L’expression du pouvoir de Mausole et le site de Labraunda en Carie

« J’avais enfin rencontré l’objet de mes fatigantes recherches : j’étais bien à Labranda. Strabon dit que le temple de Jupiter Stratius, dans ce lieu, était fort ancien. Tout, dans les ruines de celui de Yaïla, annonce une haute antiquité. Il ne ressemble en rien à tous ceux que j’ai vus jusqu’à ce jour. » Le site de Labraunda, décrit ici par Philippe Le Bas dans un courrier publié en 1844, souligne l’attraction qu’a exercée le site sur de nombreux chercheurs européens dès le XIXe s. Mentionné à plusieurs reprises dans les textes anciens, d’Hérodote à Elien, Labraunda ne fut en effet redécouvert qu’à cette période.

Suite aux travaux de Ph. Le Bas, puis d’A. Laumonier au début du XXe s., c’est une équipe suédoise de l’Université d’Uppsala, placée sous la direction d’A. W. Persson, qui entama un ambitieux programme de fouilles à partir de 1948. En quelques décennies les archéologues mirent au jour ce qui reste encore aujourd’hui le plus beau témoin de la culture carienne. Localisé au cœur de la Carie antique dans le sud-ouest de la Turquie moderne, Labraunda est connu pour être le siège d’un des plus grands cultes du sud-ouest de l’Asie Mineure antique, celui de Zeus Labraundos, le Dieu à la double hache.

Sanctuaire rural modeste dès la période archaïque, Labraunda fut l’objet de toutes les attentions des dynastes/satrapes hékatomnides au IVe s. av. J.-C. Sous l’impulsion de Mausole, et de son frère Idrieus, le site fut transformé, agrandi, embelli et doté d’une architecture somptuaire qui en fit un centre de culte pan-Carien. La richesse des vestiges de ce lieu monticole, encore largement protégé de l’expansion urbaine, a été la source d’une abondante bibliographie. Les nombreux bâtiments mis au jour ont permis de lever le voile sur une culture carienne surprenante, expérimentant de nouvelles formes architecturales. Ces dernières révélèrent l’importance des échanges culturels à l’œuvre dans cette région de l’Asie Mineure, à la frontière des mondes grecs, anatoliens et perses. La qualité de ce matériel architectural amena les archéologues du XXe s. à concentrer leurs efforts sur le cœur du temenos et à adopter une approche formelle des bâtiments. Après plus de 65 années de fouille, et bien qu’il n’ait été fouillé qu’en partie, le site est aujourd’hui bien connu. Labraunda ne cesse cependant de soulever des questions qui ne peuvent être abordées qu’à condition de procéder à une double contextualisation des vestiges, contextualisation des bâtiments au sein même du sanctuaire, contextualisation historique de Labraunda dans le développement de la région au IVe s. av. J.-C.

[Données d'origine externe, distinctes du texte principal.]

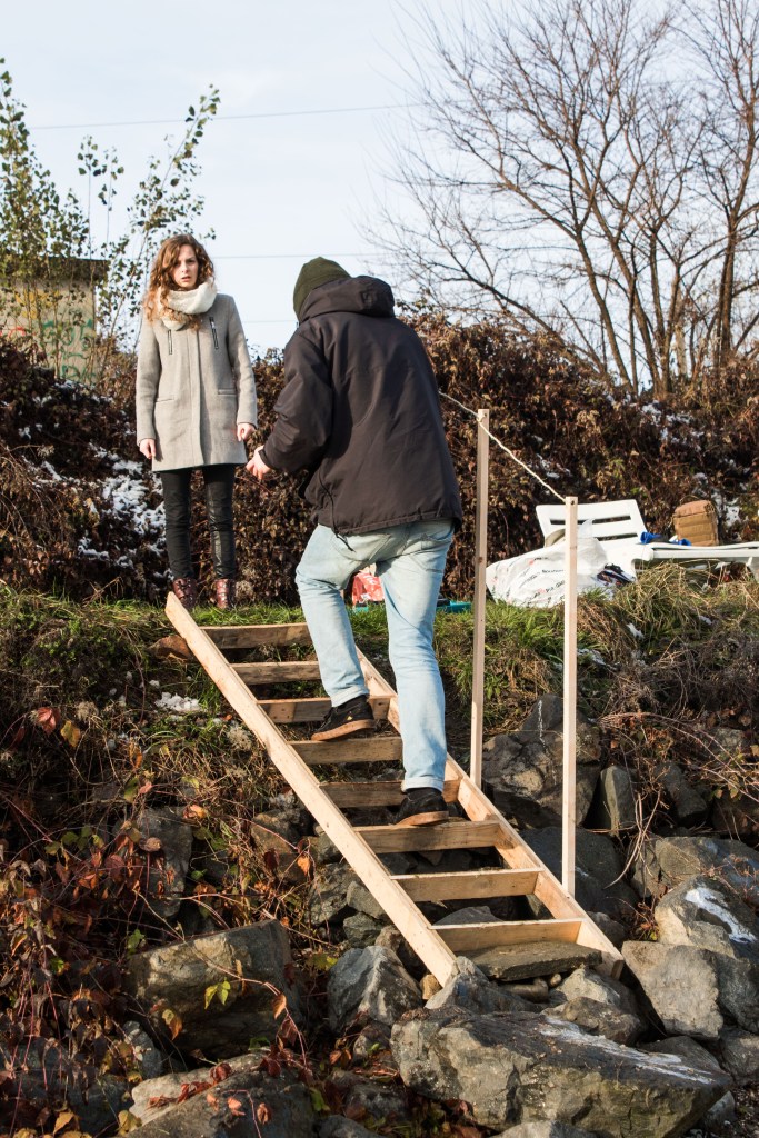 Le froid. C’est dans une atmosphère glacée que nous commençons notre journée au port du Rhin. Plus nous arrivons au bord de la plage, plus l’hiver revendique sa présence. Au milieu du brouillard et de la neige nous prenons des mesures de quelques endroits et prenons des photos pour nos cartes postales. Nous balayons l’espace afin de localiser l’endroit où nous installerons nos modules pour la chasse au trésor. Cet après-midi, nous poursuivons et finissons les prototypes qui seront utilisés comme cache, un support pour les cartes postales et la canne à pêche. De plus, nous choisissons et sélectionnons des photos afin que nous puissions préparer les fichiers pour imprimer les cartes demain dès notre arrivée. À la fin de la journée, nous nous interrogeons sur la plage et ses équipements. Nous avons besoin de trouver de petits parapluies cocktail pour la mise en scène que nous projetons sur la plage. Le Gap Game prend peu à peu forme. Avant de partir, nous faisons un point sur les différentes choses que nous allons faire demain : prototype d’une échelle pour faciliter l’accès à la plage, les différents indices, et bien sûr, sa carte.

Le but de cette communication sera de présenter le site, particulièrement dans son état hékatomnide, et l’originalité de la culture carienne telle qu’elle nous apparaît à Labraunda. Ensuite, et à la lumière des travaux menés au cours de ces dernières années, nous proposerons de faire un point de nos connaissances et de replacer le site dans l’histoire mouvementée de la Carie à la charnière des périodes classique et hellénistique.

La prochaine conférence aura lieu le 25 février 2017 : Pierre Leriche, « Nouvelles recherches à Termez, Ouzbékistan ».